[Exercise inputs — start]

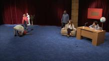 A comedic talk show from an alternate reality featuring unstable hosts, a variety of celebrities—both real and fake—and unusual studio action.
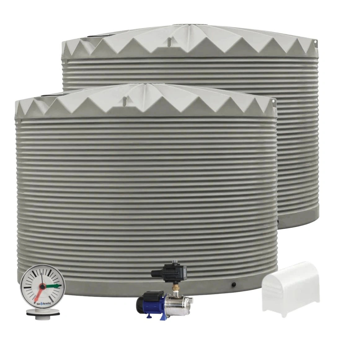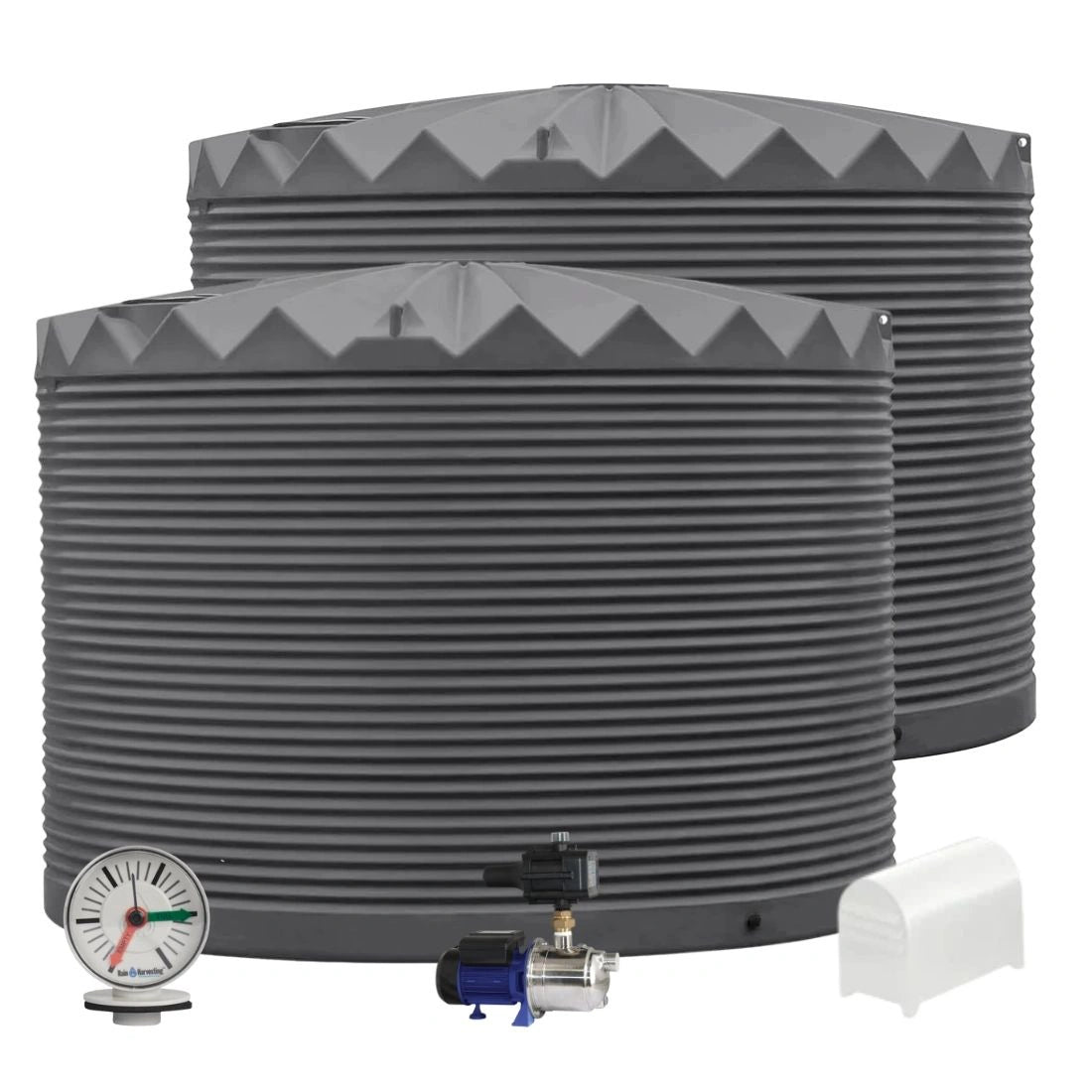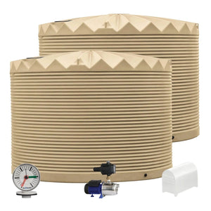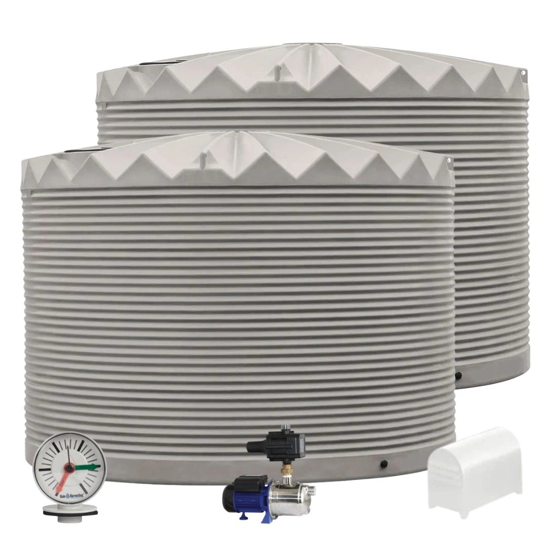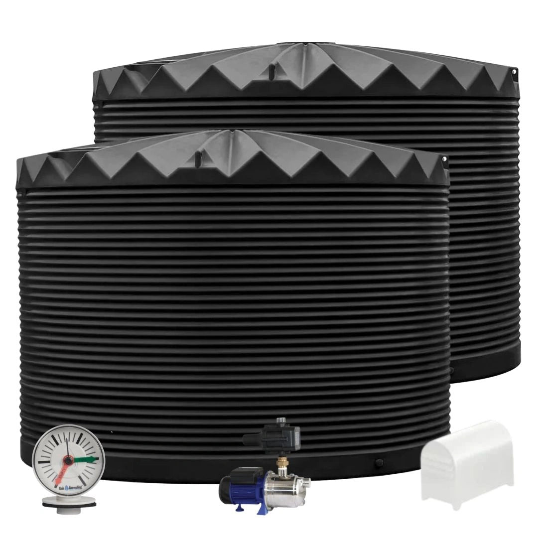 2 x 22,500L Rainwater Tanks + Pump + Pump Cover + Dial Gauge
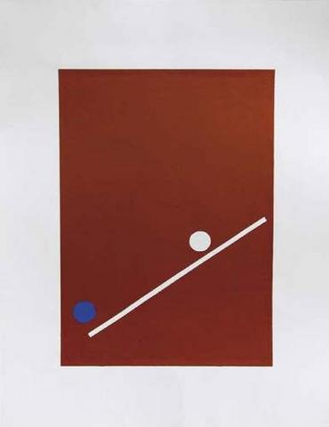 rgba(255,255,255,1) Albert ChubacSans titre ( C_L01_0261_00 )Collage, un cercles en bleu et cercle en blanc en équilibre sur une blanche et fond rouge, carton gouaché, dim 65 x 50 cm© Leclere svv Demande d'information
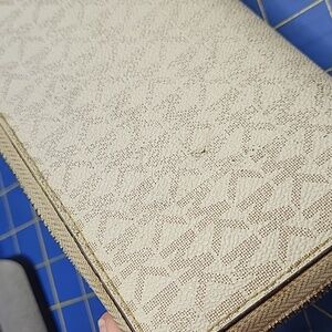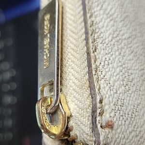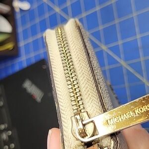MK4 wallet with signature MK pattern. Gold-tone zipper and logo detail.
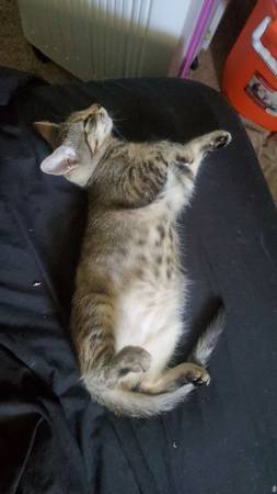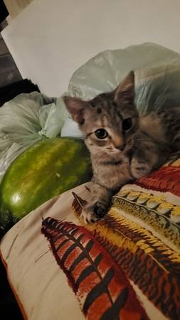 Rehoming Female Gray Tabby Kitten with orange specs in her coat For $20. Her name is Josie. She's 6 months old, isn't fixed, and doesn't have her shots.
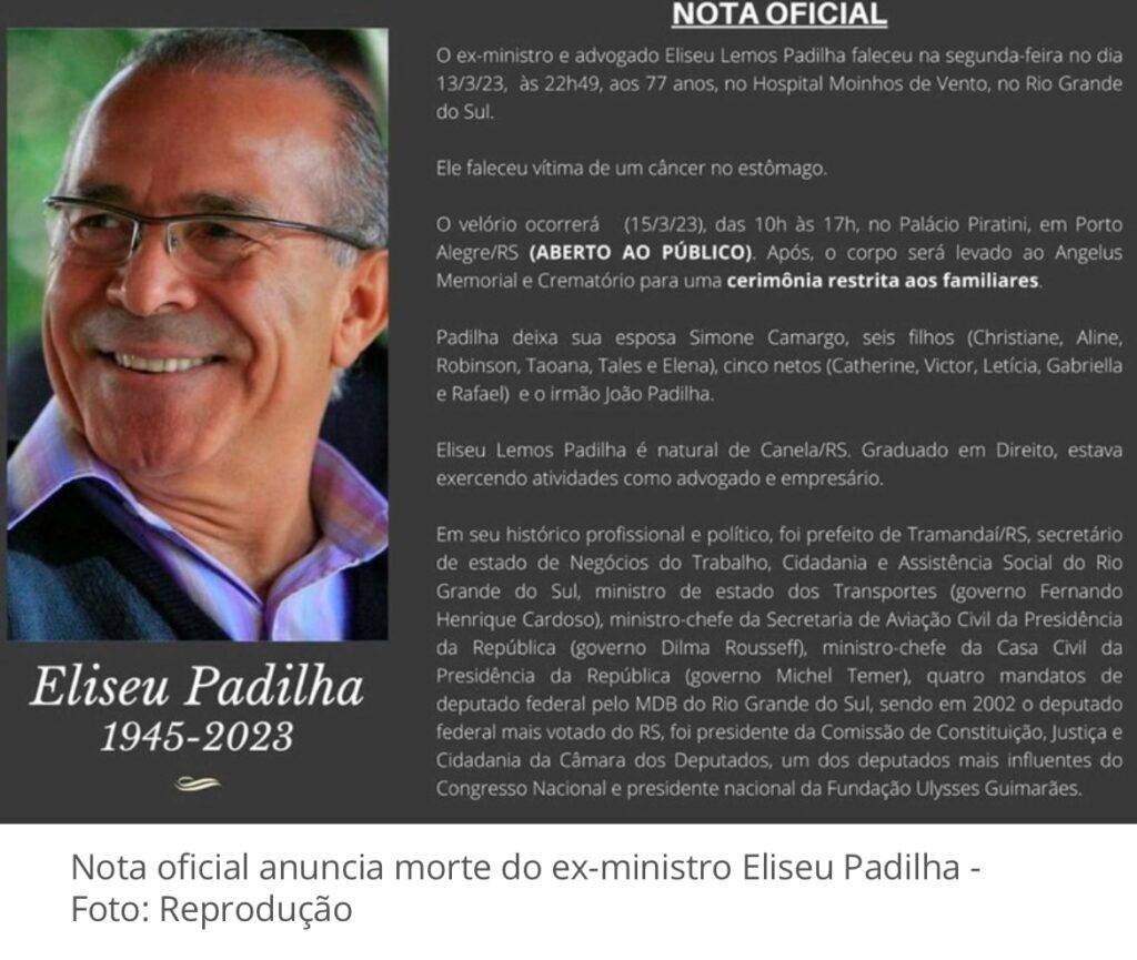 Morreu na noite desta segunda-feira (13), aos 77 anos, o ex-ministro Eliseu Padilha, informou sua assessoria. Ele fazia tratamento contra um câncer no estômago no Hospital Moinhos de Vento, em Porto Alegre. Padilha deixa a mulher e seis filhos. Ainda não há informações sobre o velório.
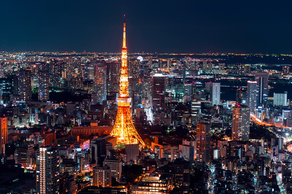 화려함의 극치를 보여주는 도쿄의 야경. 곳곳에 있는 야경 명소를 찾아가는 재미가 쏠쏠한 도시이다. 유람선이 유유자적 떠다니는 도쿄만이 한 눈에 보이는 오다이바와 도쿄 시내의 화려한 전경이 돋보이는 롯폰기 등 그야말로 반짝이는 스팟들로 가득하다. 특히 도쿄에는 도쿄타워, 도쿄스카이트리, 세계무역센터 전망대 등 야경을 사진에 담기 좋은 전망대가 여러 곳 있는 것이 특징으로 도쿄 시내를 한 눈에 내려다 볼 수 있다는 장점이 있다.
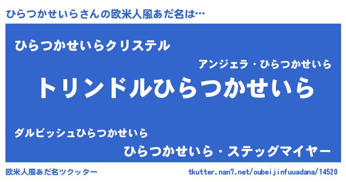 | 男性向けラノベタイトル風あだ名 | 『転生したらひらつかせいらだった件』 |

[Exercise inputs — finish]

**Task goal**: An exact copy of the entries, minus the pictures, is what's needed here.

**Response**:
 A comedic talk show from an alternate reality featuring unstable hosts, a variety of celebrities—both real and fake—and unusual studio action.
 2 x 22,500L Rainwater Tanks + Pump + Pump Cover + Dial Gauge
 rgba(255,255,255,1) Albert ChubacSans titre ( C_L01_0261_00 )Collage, un cercles en bleu et cercle en blanc en équilibre sur une blanche et fond rouge, carton gouaché, dim 65 x 50 cm© Leclere svv Demande d'information
MK4 wallet with signature MK pattern. Gold-tone zipper and logo detail.
 Rehoming Female Gray Tabby Kitten with orange specs in her coat For $20. Her name is Josie. She's 6 months old, isn't fixed, and doesn't have her shots.
 Morreu na noite desta segunda-feira (13), aos 77 anos, o ex-ministro Eliseu Padilha, informou sua assessoria. Ele fazia tratamento contra um câncer no estômago no Hospital Moinhos de Vento, em Porto Alegre. Padilha deixa a mulher e seis filhos. Ainda não há informações sobre o velório.
 화려함의 극치를 보여주는 도쿄의 야경. 곳곳에 있는 야경 명소를 찾아가는 재미가 쏠쏠한 도시이다. 유람선이 유유자적 떠다니는 도쿄만이 한 눈에 보이는 오다이바와 도쿄 시내의 화려한 전경이 돋보이는 롯폰기 등 그야말로 반짝이는 스팟들로 가득하다. 특히 도쿄에는 도쿄타워, 도쿄스카이트리, 세계무역센터 전망대 등 야경을 사진에 담기 좋은 전망대가 여러 곳 있는 것이 특징으로 도쿄 시내를 한 눈에 내려다 볼 수 있다는 장점이 있다.
 | 男性向けラノベタイトル風あだ名 | 『転生したらひらつかせいらだった件』 |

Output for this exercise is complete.